RNA-binding proteins play key roles in regulation of gene expression via recognition of structural features in RNA molecules. Here we apply a quantitative RNA pull-down approach to 186 evolutionary conserved RNA structures and report 162 interacting proteins. Unlike global RNA interactome capture, we associate individual RNA structures within messenger RNA with their interacting proteins. Of our binders 69% are known RNA-binding proteins, whereas some are previously unrelated to RNA binding and do not harbor canonical RNA-binding domains. While current knowledge about RNA-binding proteins relates to their functions at 5' or 3'-UTRs, we report a significant number of them binding to RNA folds in the coding regions of mRNAs. Using an in vivo reporter screen and pulsed SILAC, we characterize a subset of mRNA-RBP pairs and thus connect structural RNA features to functionality. Ultimately, we here present a generic, scalable approach to interrogate the increasing number of RNA structural motifs.

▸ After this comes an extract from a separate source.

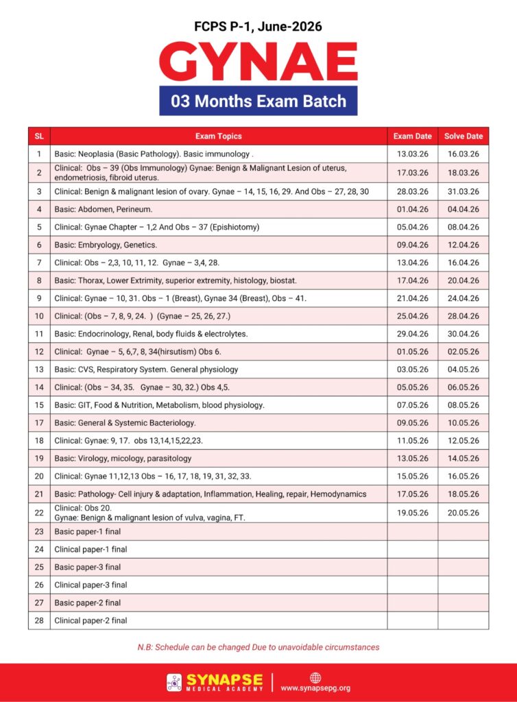 জুন ২০২6 Gynae FCPS Part-1 পরীক্ষার্থীদের জন্য সুখবর!

RNA 结合蛋白通过识别 RNA 分子中的结构特征,在基因表达调控中发挥关键作用。在这里,我们应用一种定量的 RNA 下拉方法研究了 186 个进化上保守的 RNA 结构,并报告了 162 个相互作用的蛋白质。与全局 RNA 互作组捕获不同,我们将信使 RNA 中的单个 RNA 结构与其相互作用的蛋白质联系起来。在我们的结合蛋白中,69%是已知的 RNA 结合蛋白,而有些则以前与 RNA 结合无关,也不具有典型的 RNA 结合结构域。虽然目前关于 RNA 结合蛋白的知识与它们在 5'或 3'-UTR 上的功能有关,但我们报告了相当数量的蛋白结合到 mRNA 编码区的 RNA 折叠上。通过体内报告基因筛选和脉冲 SILAC,我们对一部分 mRNA-RBP 对进行了特征分析,从而将结构 RNA 特征与功能联系起来。最终,我们在这里提出了一种通用的、可扩展的方法来研究越来越多的 RNA 结构基序。